私がその人と出会ったのは、母の知人から譲ってもらったチケットで気晴らしに見に行った、その人の個展でだった。1人で出かけるのが怖いというと、母が付き添ってくれた。
服装はお気に入りのワンピース一着で。私は服の管理も苦手だった為、何着かのワンピースを着回していた。

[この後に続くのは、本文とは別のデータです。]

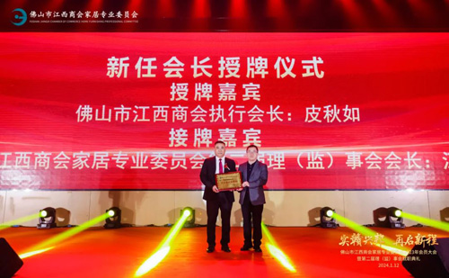 佛山市江西商会执行会长皮秋如为江水生颁授佛山市江西商会家居专业委员会第二届会长牌匾。江水生会长代表家居专委会新一届领导班子发言,对第一届领导班子的付出与奉献,对全体会员的信任与支持表示感谢。江会长表示,在过去的四年里,家居专委会通过举办各种各样的活动为会员和行业赋能。未来四年将继续努力,推进家居专会向更高层次迈进,争取在行业领域中赢得更多发展空间,为会员谋取更多发展机会。

個展に着くと、素晴らしい粘土作品に添えられた素敵な絵を見た。全部同一の作者が作った。粘土は幼少の頃から凄かったらしい。その人は、小説も書いていた。今回の個展は、その小説を自ら粘土作品と絵にしたものらしい。多才な人だ。名前を鈴木 裕一と言った。

「本当に来てくれたんだ!嬉しいよ」

男が声をかけてきた。私にじゃない、母にだ。

「鈴木さん、来ましたよ!」

その人、裕一さんに、私はその場で惚れた。作品に引き込まれたのもあったし、色白で、服装はある程度身なりを整えているだけで全身で五千円しなさそうだった。そんな所が、彼の気張らない内面を表しているようで安心感があった。それになんと言っても顔が好み。
私は、顔だけは人から褒められてきて自信があったので、思い切って自分の連絡先を教えた。
「これ、良かったら連絡してください。今度ご飯でも一緒にどうですか?」
「あぁ、いいですね。楽しそうだ」
そう言って裕一さんは受け取ってくれた。

次の日の朝、携帯に裕一さんから食事の誘いが来ていた。返信をして、約束を取り付けた。一人で遠出するのは怖いので、待ち合わせは私の家の近所のカフェにして貰った。遅刻したが、許してくれた。
そうして逢瀬を重ねて、ある日怒鳴られた。

「君はどうして、そう、こう、非常識なんだ!ダメ人間だ!」

言いつつ、いつも私のフォローをしてくれる裕一さんに、私は惹かれていった。